Il ne restait au pauvre Argamakoff d’autre ressource que la retraite. Pendant ce temps, Axinia riait auprès de sa nourrice, qui était aussi sa confidente, du succès de sa plaisanterie. Elle ne soupçonnait pas combien son invention taquine était proche de la vérité.

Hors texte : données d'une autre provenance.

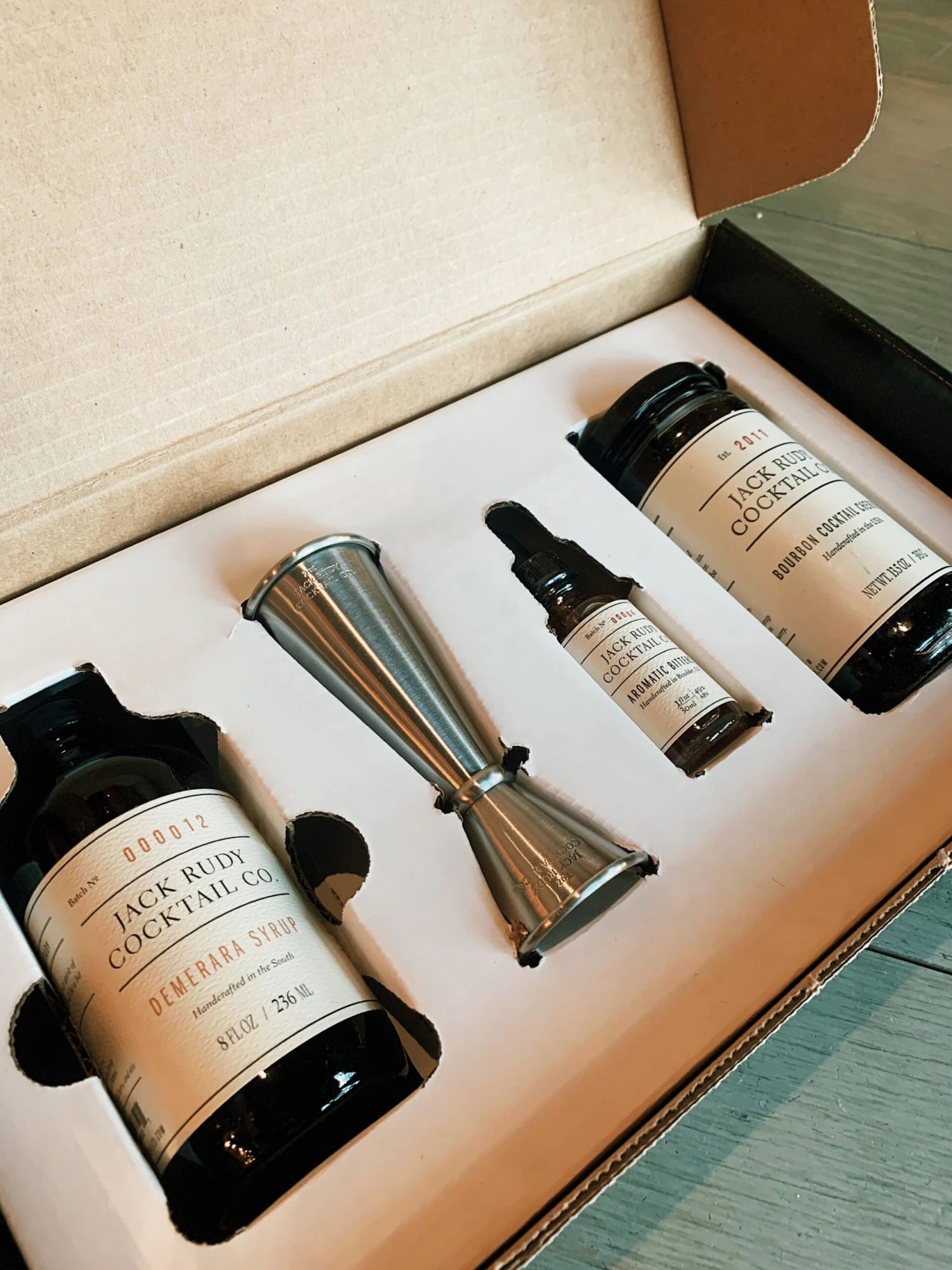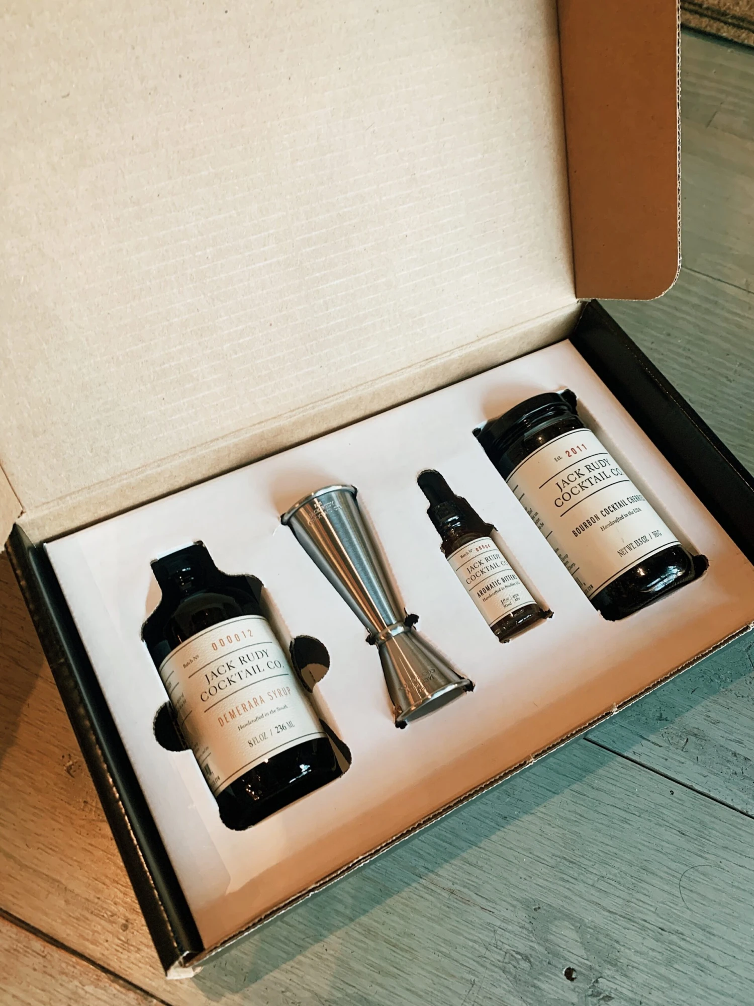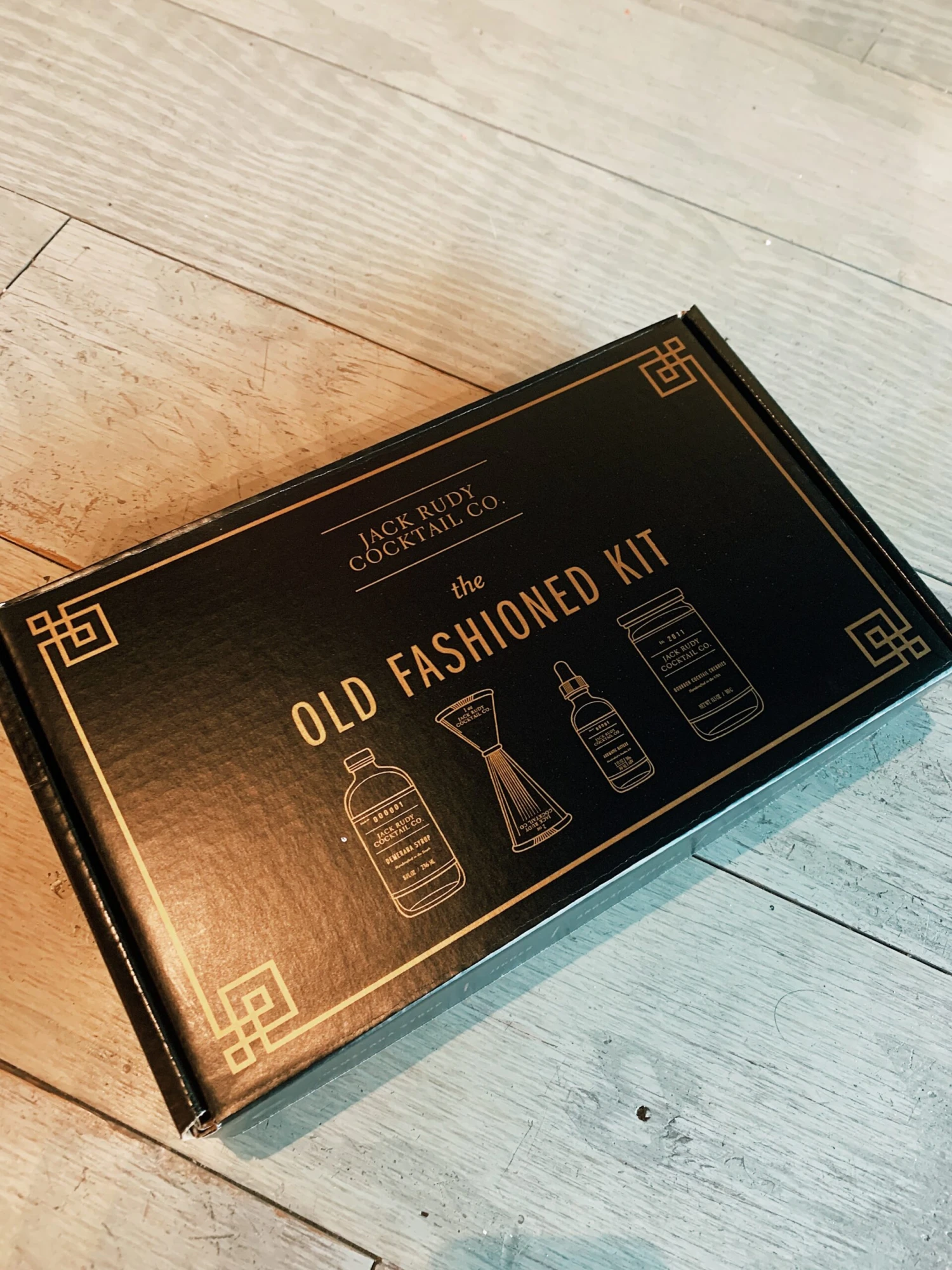 The Old Fashioned Kit includes an 8 oz. bottle of our Demerara Syrup, an 8 oz. jar of our Bourbon Cocktail Cherries, a 1 oz. bottle of our Aromatic Bitters, and a Graduated Jigger. These small batch products are packed in an elegant black gift box perfect for holiday gift giving, as a housewarming gift, or a bar starter set for home and professional bartenders alike.

Son amoureux venait à peine de la quitter, que le traîneau de sa tante, la comtesse Bestouchew, vint la chercher. Un mot de la main de la Comtesse, lui recommandait de se faire aussi jolie que possible.

Lorsque Axinia pénétra dans le boudoir de sa tante, celle-ci l’embrassa avec une impétuosité et une tendresse inaccoutumée. Puis, la Comtesse s’éloigna sous un prétexte insignifiant et, à sa place, parut… l’Empereur !

Axinia fit un mouvement pour fuir, mais Paul lui avait pris la main et la retint.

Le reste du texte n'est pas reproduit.